Metadata File Format
A metadata file is any file with a.meta.json suffix. It can have any name and be in any folder, as long as it falls within the source’s path_prefix (if one is configured).
| Field | Required | Description |
|---|---|---|
version | Yes | Must be "chroma-v1". |
id | Yes | Custom ID for the document in Chroma. |
path | Yes | Full S3 object key of the document to index. |
target_collection_name | No | Overrides the target collection (created if it doesn’t exist). |
metadata | No | Additional metadata. Values must be scalars only. |
Example Workflow
Multi-Tenant Buckets
S3 Sync supports multi-tenant setups where a single bucket serves multiple tenants.

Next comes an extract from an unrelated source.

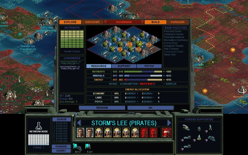 The Pirates are not pop booming.  They simply have that much food.  Thinker mod might be doing a better job of balancing minerals vs. energy in Pirate cities.  The stock binary tends to obsess about minerals.  The Pirates have chosen Democratic Socialist Wealth, giving them +2 GROWTH.  With a Children's Creche in a city it becomes +4.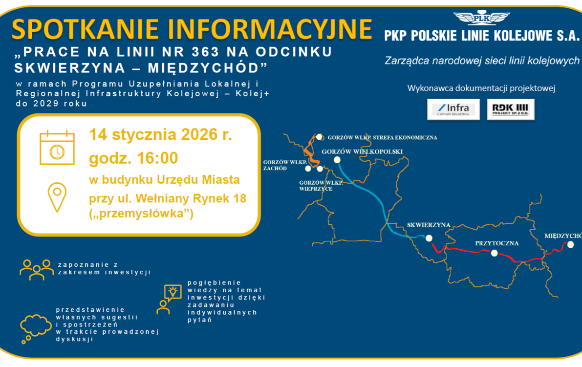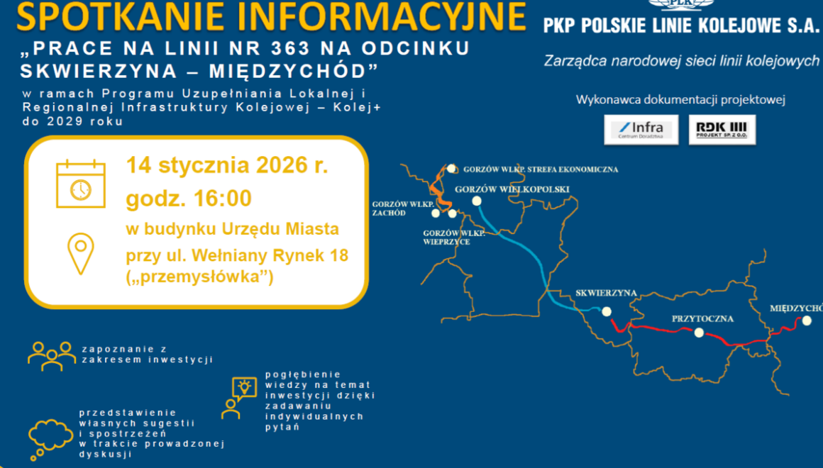 PKP Polskie Linie Kolejowe S.A. rozpoczęły konsultacje inwestycji pn. „Prace na linii nr 363 na odcinku Skwierzyna-Międzychód”. 14 stycznia 2026 r. o godz. 16.00 odbędzie się spotkanie informacyjne dotyczące tej inwestycji. Miejsce spotkania: Urząd Miasta , ul. Wełniany Rynek 18 (tzw. „Przemysłówka”) sala konferencyjna piętro 9.

Path prefixes restrict which S3 keys a source can sync. When apath_prefix is configured, only objects whose key starts with that prefix can be synced — invocations for keys outside the prefix will be rejected. Create one source per tenant with a distinct prefix (e.g. tenant-a/, tenant-b/) to enforce isolation within a shared bucket.
Metadata files offer another approach to multi-tenancy. In metadata mode, each .meta.json file can specify a target_collection_name, routing different files to different collections. This lets you partition data per tenant at the collection level without needing separate sources or path prefixes.